DO Arauto da Ciência Cristã . Publicado on-line – 5 de fevereiro de 2019


Desde a segunda série debochavam de mim por eu ter sardas. Eu odiava a minha pele. Diziam que as sardas eram feias, e um garoto disse que sentia náuseas só em olhar para o meu rosto. Quando passei para a quinta série, o deboche mudou e ia desde apontarem para mim às gargalhadas, a críticas e mexericos. Eu tinha vergonha, porque não havia nem sequer uma amiga minha com tantas sardas, e eu nunca tinha visto uma celebridade ou uma pessoa influente que tivesse uma pele que fosse menos que imaculada, sem sardas.

Na sexta série descobri a maquiagem. Base e corretivo eram os meus produtos favoritos porque cobriam completamente as sardas. Minha mãe havia determinado que eu só poderia usar maquiagem quando chegasse ao segundo grau. Então, a cada manhã, depois que ela me deixava na escola eu corria para o banheiro, aplicava a base, e ficava pronta para o dia escolar. Quando tocava o sinal ao fim da última aula, eu removia a base e entrava no carro.

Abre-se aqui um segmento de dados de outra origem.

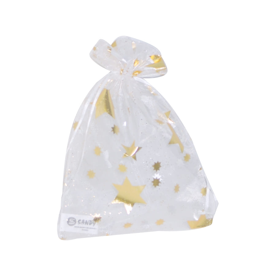 Vous pourrez garnir ce sac a cadeau d'un petit présent. Vous pourrez vous en servir pour offrir quelque chose a vos invités ou a une personne en particulier. De couleur blanc avec des étoiles dorées dessus. Ce sac fait 20 cm sur 18cm environ.

Em breve passei a depender completamente da maquiagem para me sentir bonita, e quanto mais cobria a pele, melhor eu me sentia. 

Após alguns anos, quando minha mãe descobriu que eu estivera cobrindo as sardas, ela ficou de coração partido. E explicou-me que meu valor não estava fundamentado nas opiniões dos outros, e que eu deveria amar e dar valor à minha individualidade. Eu nunca tinha pensado que ser “diferente” pudesse ser uma coisa positiva, e fiquei surpresa. Ela me fez lembrar de algo que eu aprendera na Escola Dominical da Ciência Cristã: que minha identidade não é uma imagem física no espelho, mas em verdade era o perfeito reflexo espiritual de Deus, porque Deus criou cada um de nós à Sua imagem. Nada é feio, nojento ou desprezível a respeito de Deus, porque Deus é completamente bom. Assim, não poderia haver nada feio, nojento, ou desprezível em mim, porque sou a expressão de Deus. 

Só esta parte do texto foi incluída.